Task brief
Go to the line in the entries below that holds "Produktbeskrivelse Ergonomisk kontorstol" and repeat exactly from there through the line that holds "A kastély új", inclusive.

___ Dataset

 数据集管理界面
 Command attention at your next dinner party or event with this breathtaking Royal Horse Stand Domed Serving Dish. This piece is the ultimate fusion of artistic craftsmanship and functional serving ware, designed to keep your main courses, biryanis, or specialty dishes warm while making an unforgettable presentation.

______
___ Dataset

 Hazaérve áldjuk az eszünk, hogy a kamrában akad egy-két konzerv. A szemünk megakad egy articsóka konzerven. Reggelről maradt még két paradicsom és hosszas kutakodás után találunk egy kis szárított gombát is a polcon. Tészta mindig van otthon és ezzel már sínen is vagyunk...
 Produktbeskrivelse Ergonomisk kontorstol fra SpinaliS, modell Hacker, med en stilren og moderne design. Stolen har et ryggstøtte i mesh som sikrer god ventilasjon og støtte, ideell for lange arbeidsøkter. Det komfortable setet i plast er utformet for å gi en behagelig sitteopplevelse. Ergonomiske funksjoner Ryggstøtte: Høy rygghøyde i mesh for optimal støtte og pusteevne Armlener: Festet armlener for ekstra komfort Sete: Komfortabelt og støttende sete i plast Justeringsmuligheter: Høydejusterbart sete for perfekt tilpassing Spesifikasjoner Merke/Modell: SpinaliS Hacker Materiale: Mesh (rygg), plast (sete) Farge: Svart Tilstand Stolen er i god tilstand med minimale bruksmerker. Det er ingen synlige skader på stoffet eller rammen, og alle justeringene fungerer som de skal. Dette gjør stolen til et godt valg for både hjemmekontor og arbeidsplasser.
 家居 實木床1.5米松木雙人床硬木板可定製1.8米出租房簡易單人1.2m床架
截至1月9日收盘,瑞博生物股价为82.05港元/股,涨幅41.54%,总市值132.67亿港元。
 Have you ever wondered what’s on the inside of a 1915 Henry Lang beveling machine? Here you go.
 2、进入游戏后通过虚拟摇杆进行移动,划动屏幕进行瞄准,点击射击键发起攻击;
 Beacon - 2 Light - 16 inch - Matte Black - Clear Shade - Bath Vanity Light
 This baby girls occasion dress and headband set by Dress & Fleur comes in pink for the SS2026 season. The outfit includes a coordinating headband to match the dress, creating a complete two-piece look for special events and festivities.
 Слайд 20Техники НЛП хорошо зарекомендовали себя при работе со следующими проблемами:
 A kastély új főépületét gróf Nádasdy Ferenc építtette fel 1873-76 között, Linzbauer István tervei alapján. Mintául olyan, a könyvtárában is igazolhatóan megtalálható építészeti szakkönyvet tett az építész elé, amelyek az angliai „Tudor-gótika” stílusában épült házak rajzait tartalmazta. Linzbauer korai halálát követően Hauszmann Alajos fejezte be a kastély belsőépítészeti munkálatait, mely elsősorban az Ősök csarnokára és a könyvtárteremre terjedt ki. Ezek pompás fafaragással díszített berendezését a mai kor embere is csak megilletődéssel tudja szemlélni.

______
___ Dataset

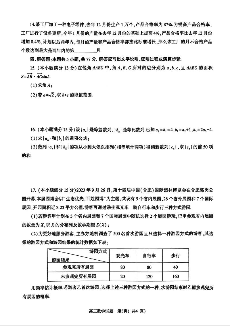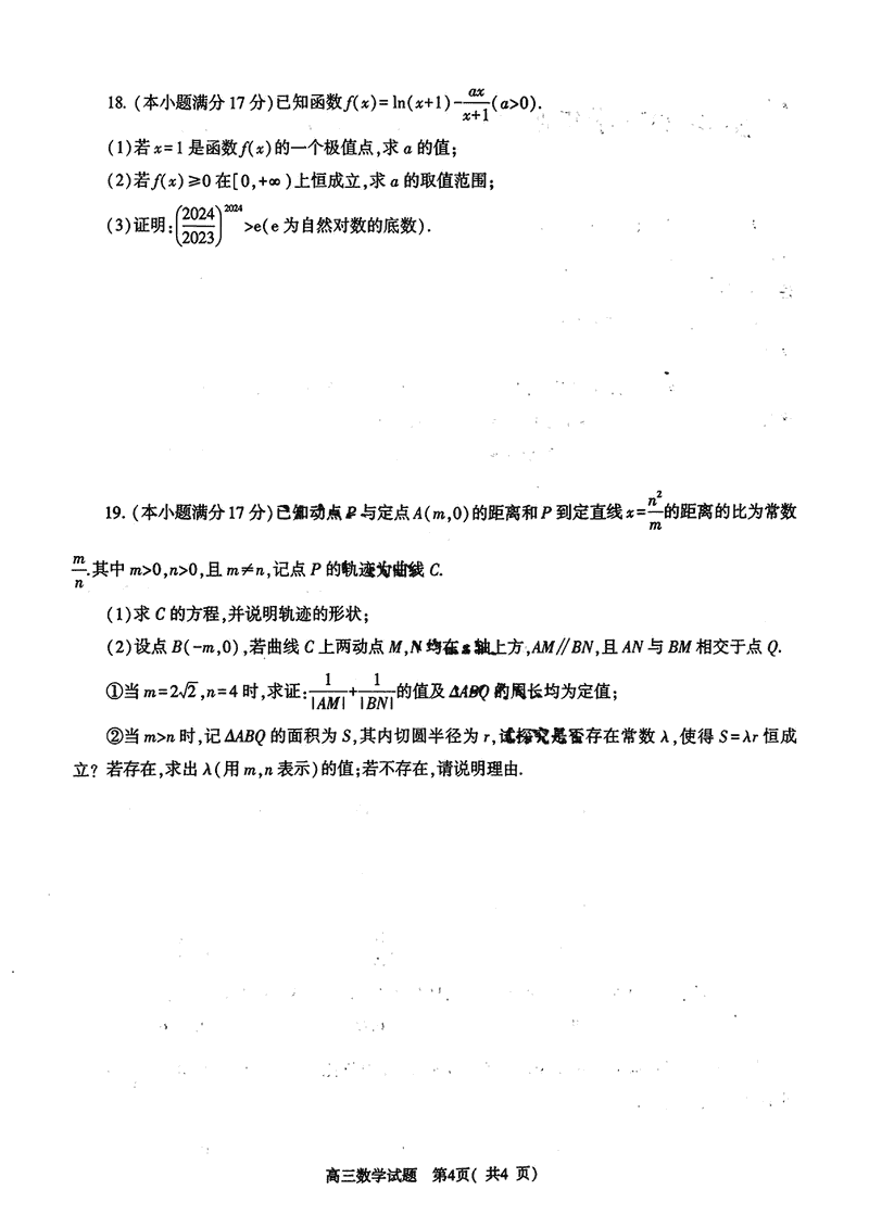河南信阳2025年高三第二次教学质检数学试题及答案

______

Response to the exercise
 Produktbeskrivelse Ergonomisk kontorstol fra SpinaliS, modell Hacker, med en stilren og moderne design. Stolen har et ryggstøtte i mesh som sikrer god ventilasjon og støtte, ideell for lange arbeidsøkter. Det komfortable setet i plast er utformet for å gi en behagelig sitteopplevelse. Ergonomiske funksjoner Ryggstøtte: Høy rygghøyde i mesh for optimal støtte og pusteevne Armlener: Festet armlener for ekstra komfort Sete: Komfortabelt og støttende sete i plast Justeringsmuligheter: Høydejusterbart sete for perfekt tilpassing Spesifikasjoner Merke/Modell: SpinaliS Hacker Materiale: Mesh (rygg), plast (sete) Farge: Svart Tilstand Stolen er i god tilstand med minimale bruksmerker. Det er ingen synlige skader på stoffet eller rammen, og alle justeringene fungerer som de skal. Dette gjør stolen til et godt valg for både hjemmekontor og arbeidsplasser.
 家居 實木床1.5米松木雙人床硬木板可定製1.8米出租房簡易單人1.2m床架
截至1月9日收盘,瑞博生物股价为82.05港元/股,涨幅41.54%,总市值132.67亿港元。
 Have you ever wondered what’s on the inside of a 1915 Henry Lang beveling machine? Here you go.
 2、进入游戏后通过虚拟摇杆进行移动,划动屏幕进行瞄准,点击射击键发起攻击;
 Beacon - 2 Light - 16 inch - Matte Black - Clear Shade - Bath Vanity Light
 This baby girls occasion dress and headband set by Dress & Fleur comes in pink for the SS2026 season. The outfit includes a coordinating headband to match the dress, creating a complete two-piece look for special events and festivities.
 Слайд 20Техники НЛП хорошо зарекомендовали себя при работе со следующими проблемами:
 A kastély új főépületét gróf Nádasdy Ferenc építtette fel 1873-76 között, Linzbauer István tervei alapján. Mintául olyan, a könyvtárában is igazolhatóan megtalálható építészeti szakkönyvet tett az építész elé, amelyek az angliai „Tudor-gótika” stílusában épült házak rajzait tartalmazta. Linzbauer korai halálát követően Hauszmann Alajos fejezte be a kastély belsőépítészeti munkálatait, mely elsősorban az Ősök csarnokára és a könyvtárteremre terjedt ki. Ezek pompás fafaragással díszített berendezését a mai kor embere is csak megilletődéssel tudja szemlélni.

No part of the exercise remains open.